30/03/08

The New York Times’ HIV vaccine fantasy

Working with HIV can get dispiriting at times. We have some 70 million prevention failures to our credit so far; those will always attract more attention than the unquantifiable millions of infections which we have managed to prevent, by providing a safe blood supply, clean needles for injectors, decent STI treatment and condoms for people most likely to be having sex with someone who might be infected with HIV.
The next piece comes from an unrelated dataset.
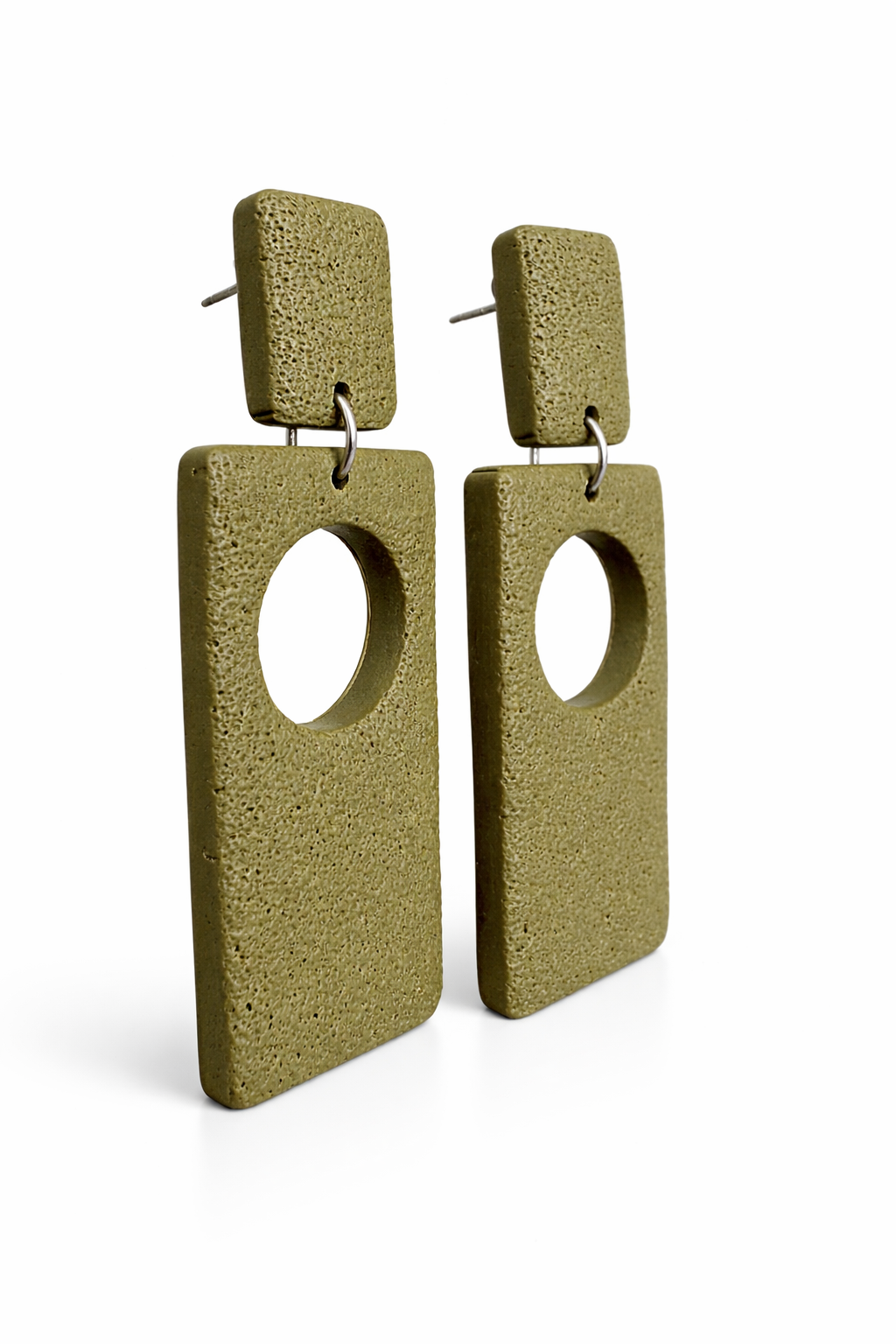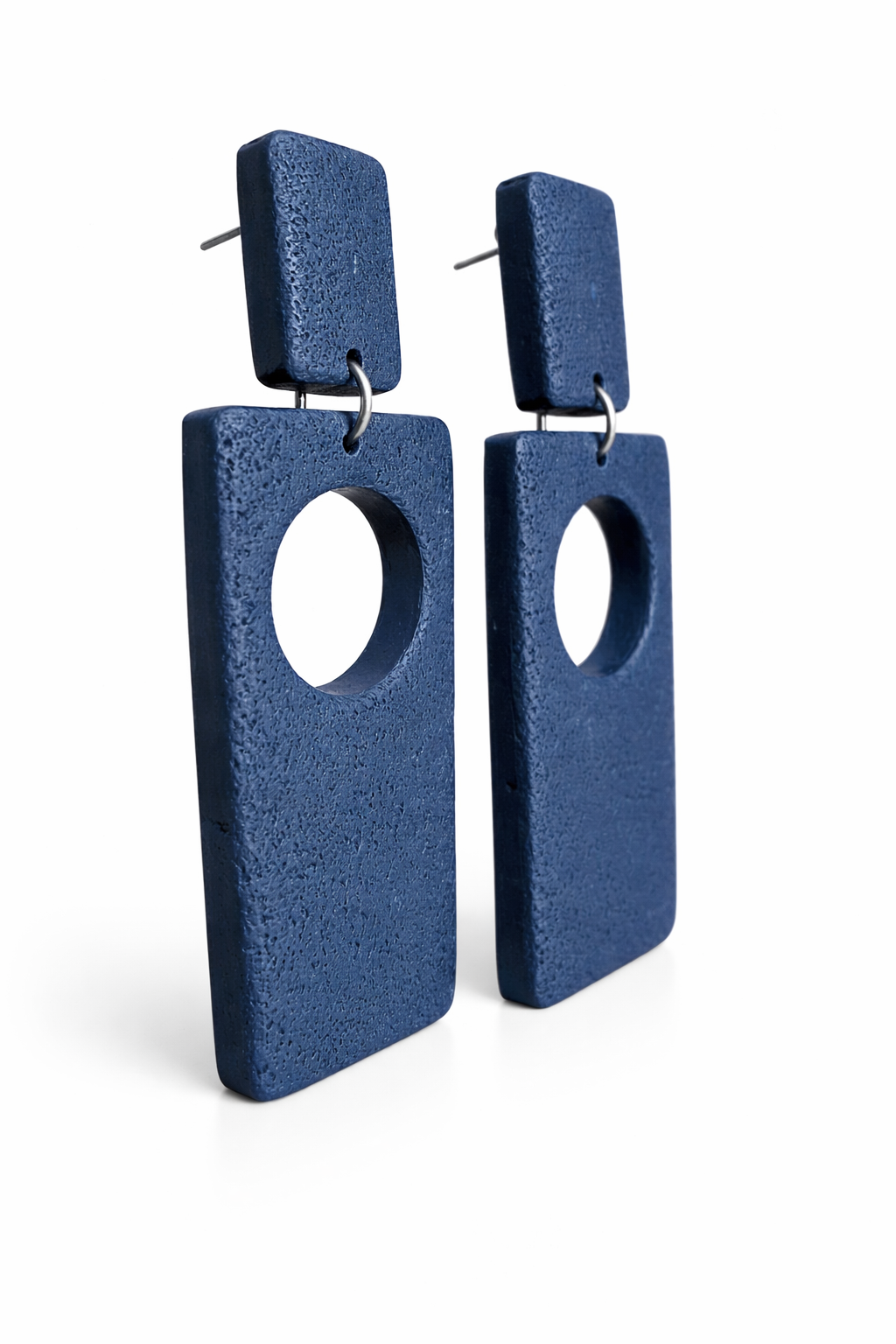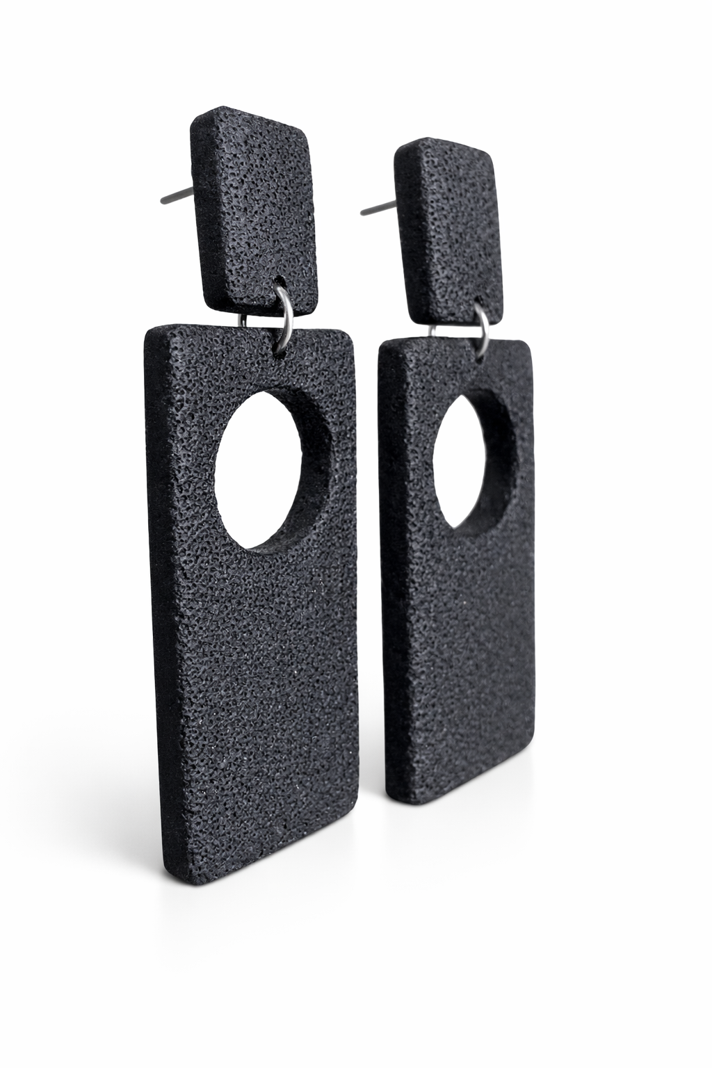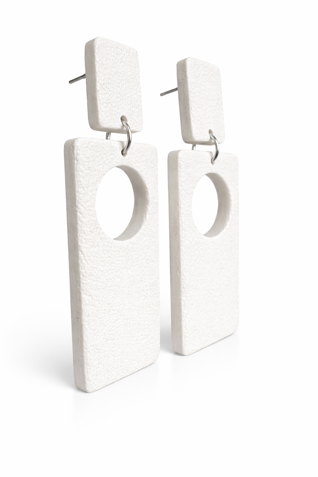 Crafted in polymer clay with limestone texture, it pairs naturally with tailored silhouettes — straight or oversized blazers, precise shirts, structured vests, and clean, architectural trousers.

If you’re not doing well with the tools you have, it’s normal to look for new tools. Hence our search for microbicides and above all a vaccine. We’ve had miserable news about both in recent months. At a conference last week, researchers plunged deeper into despond than they usually do. Even Anthony Fauci, the high priest of vaccine optimism, was gloomy. The doom was reported by The New York Times. Organisations that treat lots of AIDS patients cried that we should stop throwing money down the black hole of vaccine research, and spend it on treatment and our old prevention tools instead.

In a curious editorial, the New York Times has today embraced vaccine development once again. The title does not bode well: “Grim Outlook for an AIDS Vaccine”. The content is a litany of gloom. But right at the end, the Times argues for more investment in vaccine research, concluding:

There is little doubt that a vaccine would be the most effective and cheapest way to shrink the AIDS epidemic.

Most people who’ve spent the last two decades failing to produce an effective (let alone cheap) vaccine are doubting it, very publicly. Any ideas what might have inspired the NYT to this pigs-might-fly conclusion?

This post was published on 30/03/08 in Money and AIDS, Science.